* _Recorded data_

|---|

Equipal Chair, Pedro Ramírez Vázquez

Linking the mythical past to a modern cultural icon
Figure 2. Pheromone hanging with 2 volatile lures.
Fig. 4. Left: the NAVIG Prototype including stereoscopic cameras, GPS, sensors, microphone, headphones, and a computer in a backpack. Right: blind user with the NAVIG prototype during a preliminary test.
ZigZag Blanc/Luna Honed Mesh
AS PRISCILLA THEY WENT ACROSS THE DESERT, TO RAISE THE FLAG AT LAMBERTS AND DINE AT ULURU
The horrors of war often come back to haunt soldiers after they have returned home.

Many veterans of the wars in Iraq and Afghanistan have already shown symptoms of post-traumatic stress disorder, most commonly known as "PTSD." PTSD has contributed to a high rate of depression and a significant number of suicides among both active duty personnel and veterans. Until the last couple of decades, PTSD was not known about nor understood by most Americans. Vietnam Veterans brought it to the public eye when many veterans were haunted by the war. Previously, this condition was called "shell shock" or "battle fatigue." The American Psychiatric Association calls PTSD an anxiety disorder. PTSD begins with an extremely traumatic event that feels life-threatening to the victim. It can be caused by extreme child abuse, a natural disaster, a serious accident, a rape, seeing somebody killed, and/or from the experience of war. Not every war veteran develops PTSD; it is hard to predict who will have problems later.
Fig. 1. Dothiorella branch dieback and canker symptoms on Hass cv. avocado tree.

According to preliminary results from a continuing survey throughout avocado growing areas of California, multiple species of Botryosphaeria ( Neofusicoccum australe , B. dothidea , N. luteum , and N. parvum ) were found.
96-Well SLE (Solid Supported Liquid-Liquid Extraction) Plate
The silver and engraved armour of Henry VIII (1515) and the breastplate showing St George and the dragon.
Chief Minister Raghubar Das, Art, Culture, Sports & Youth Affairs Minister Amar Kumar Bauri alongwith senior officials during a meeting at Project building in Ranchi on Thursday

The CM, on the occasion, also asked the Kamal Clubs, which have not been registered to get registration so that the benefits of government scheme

|---|

* _Instructions for the task_
Begin at the line that has "ZigZag Blanc/Luna Honed Mesh" in the entries above; stop after the line that has "96-Well SLE (Solid". Transcribe exactly those lines and no others.

* _Response to the exercise_
ZigZag Blanc/Luna Honed Mesh
AS PRISCILLA THEY WENT ACROSS THE DESERT, TO RAISE THE FLAG AT LAMBERTS AND DINE AT ULURU
The horrors of war often come back to haunt soldiers after they have returned home.

Many veterans of the wars in Iraq and Afghanistan have already shown symptoms of post-traumatic stress disorder, most commonly known as "PTSD." PTSD has contributed to a high rate of depression and a significant number of suicides among both active duty personnel and veterans. Until the last couple of decades, PTSD was not known about nor understood by most Americans. Vietnam Veterans brought it to the public eye when many veterans were haunted by the war. Previously, this condition was called "shell shock" or "battle fatigue." The American Psychiatric Association calls PTSD an anxiety disorder. PTSD begins with an extremely traumatic event that feels life-threatening to the victim. It can be caused by extreme child abuse, a natural disaster, a serious accident, a rape, seeing somebody killed, and/or from the experience of war. Not every war veteran develops PTSD; it is hard to predict who will have problems later.
Fig. 1. Dothiorella branch dieback and canker symptoms on Hass cv. avocado tree.

According to preliminary results from a continuing survey throughout avocado growing areas of California, multiple species of Botryosphaeria ( Neofusicoccum australe , B. dothidea , N. luteum , and N. parvum ) were found.
96-Well SLE (Solid Supported Liquid-Liquid Extraction) Plate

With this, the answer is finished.